Phospholipase D (PLD) is abundantly found in the eukaryotes and prokaryotes. It is present in all mammalian cells. In mammals, PLD is initiated by various hormones, neurotransmitters, growth factors and cytokines.
Phospholipase D is a phospholipid hydrolyzing enzyme and an important component of receptor-mediated signal transduction responses and regulated secretion.
Phospholipase D from Arachis hypogaea (peanut) has been used in the preparation of lipase enzyme solution. It has also been used to determine its influence on human neutrophil respiratory function.

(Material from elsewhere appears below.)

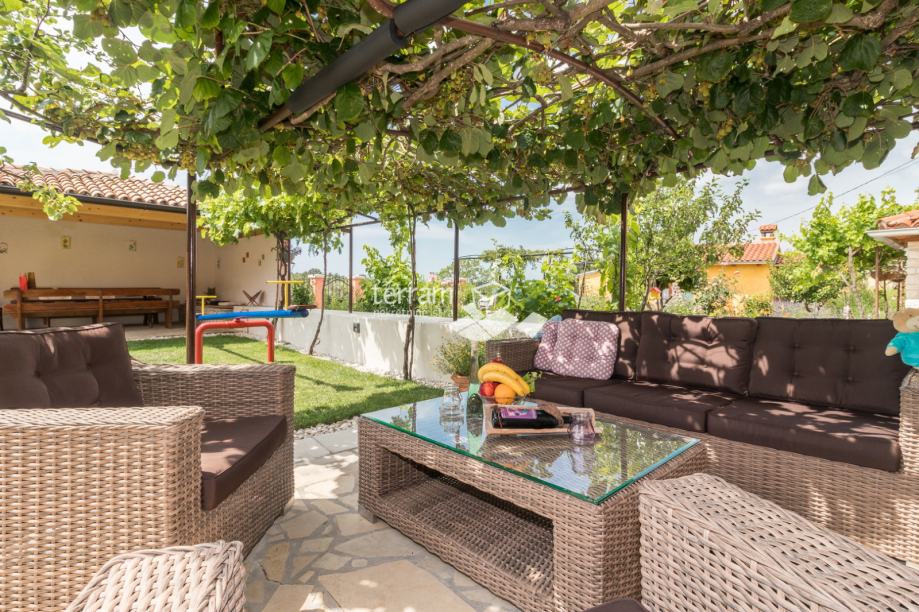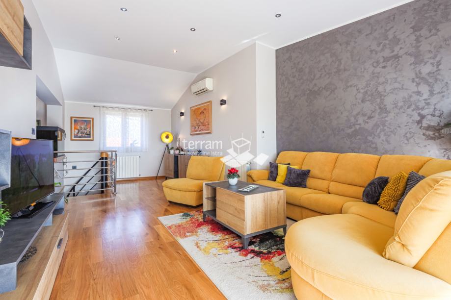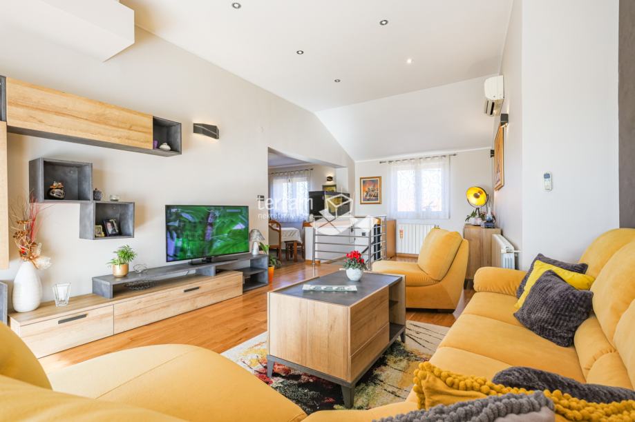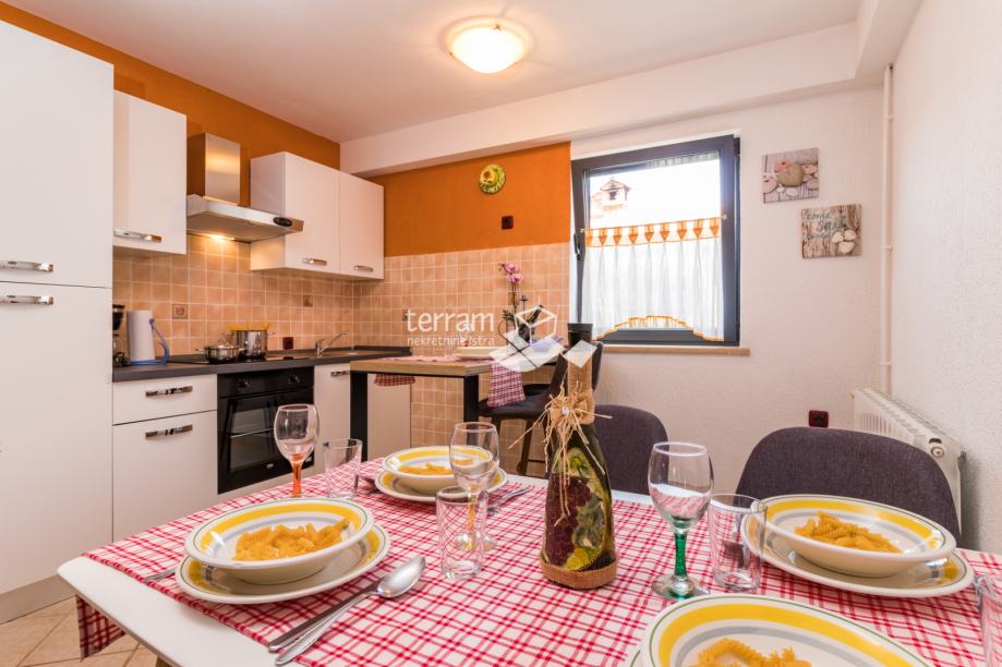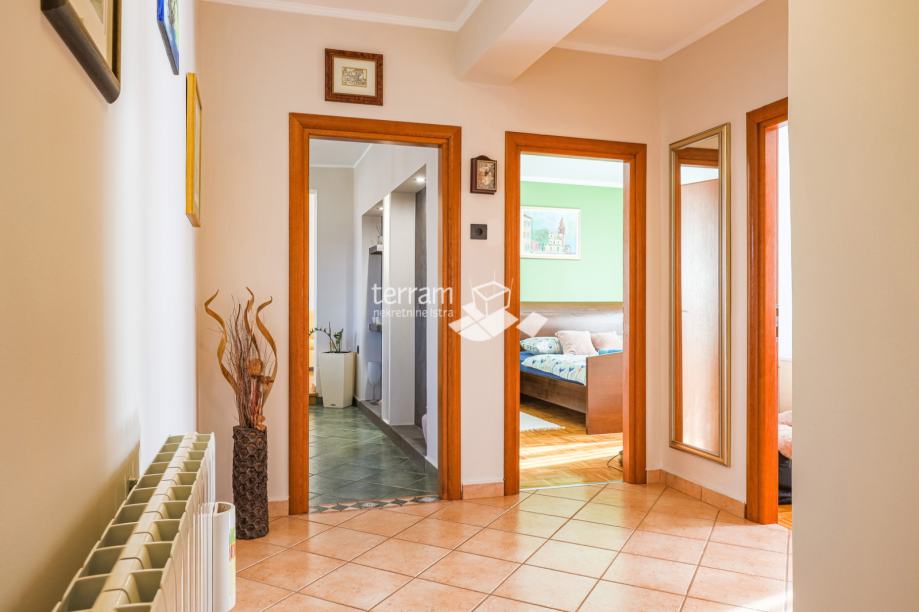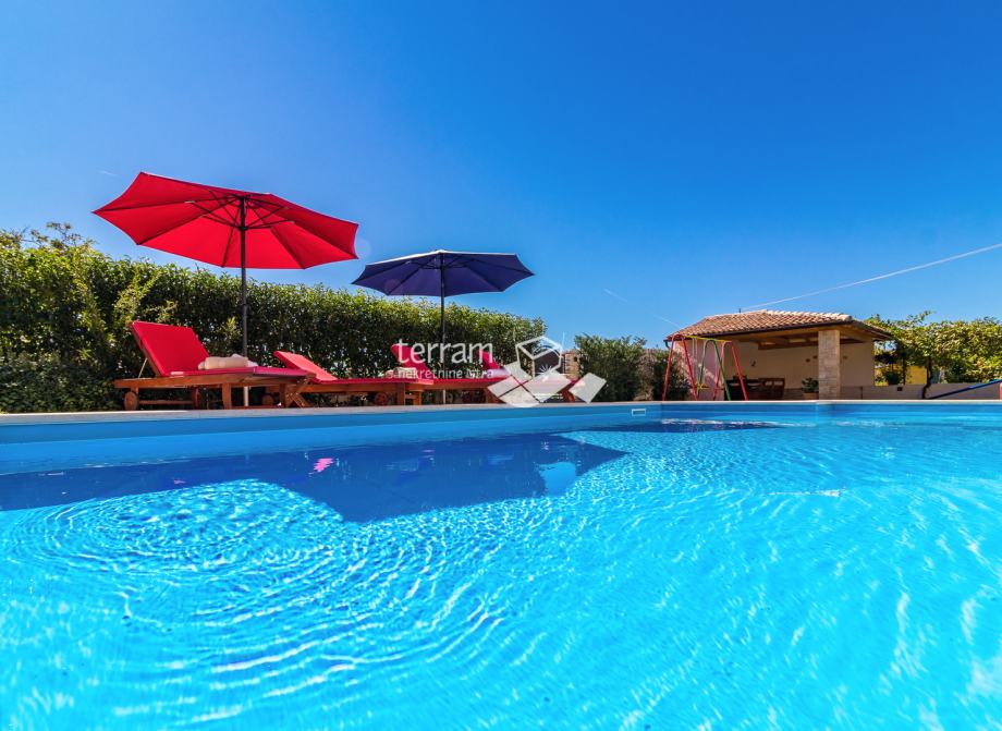 Glavna kuća sastoji se od prizemlja i prvog kata ukupne veličine 246m2. Na svakoj etaži nalazi se po jedan stan. Sastoje se od: tri spavaće sobe, kuhinja s blagavaonom, dnevnog boravka, kupaonice, terase s izlazom na bazen. Stan na prvom katu identičan je prizemlju s time da ima dvije kupaonice. Kuće su kompletno namještene te se takve i prodaju. Plinsko centralno grijanje, klimatizirano. Kompletna je okućnica uređena i ograđena te nudi potpunu privatnost. U sklopu kuće nalazi se i zemljište od 680m2 na kojem se može napraviti treći objekat.
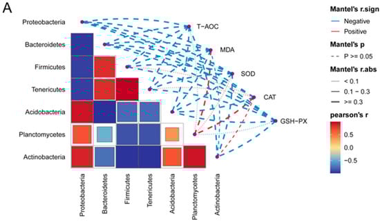 The crayfish gut phylum-level microorganisms and genus-level microorganisms were correlated with antioxidant indicators, and the results are shown in Figure 11. At the phylum level (Figure 11A), T-AOC and GSH-Px were all negatively correlated with Proteobacteria, Bacteroidetes, Firmicutes, Tenericutes, Acidobacteria, Planctomycetes, and Actinobacteria (p > 0.05). MDA and SOD were negatively correlated with Proteobacteria, Bacteroidetes, Firmicutes, Tenericutes, Acidobacteria, and Actinobacteria and positively correlated with Planctomycetes (p > 0.05). CAT was negatively correlated with Proteobacteria, Bacteroidetes, and Acidobacteria and positively correlated with Firmicutes, Tenericutes, Planctomycetes, and Actinobacteria (p > 0.05).

Research has shown ADP-ribosylation factor regulation of phospholipase D is important in the release of nascent secretory vesicles from the trans-Golgi network. It has also been used in a study to investigate stimulation of Na+-Ca2+ exchange activity in canine cardiac sarcolemmal vesicals.
Hydrolyzes the phosphate bonds of phospholipids and sphingomyelin to give the corresponding phosphatidic acid.
Phospholipase D is involved in conferring drought susceptibility in peanuts, which increases the risk of aflatoxin contamination.
Phospholipase D (PLD) modulates cell growth, secretion and the actin cytoskeleton.
One unit will liberate 1.0 μmol of choline from L-α-phosphatidylcholine (egg yolk) per hr at pH 5.6 at 30 °C.
Partially purified, lyophilized powder containing buffer salts
Protein determined using biuret, unless otherwise indicated.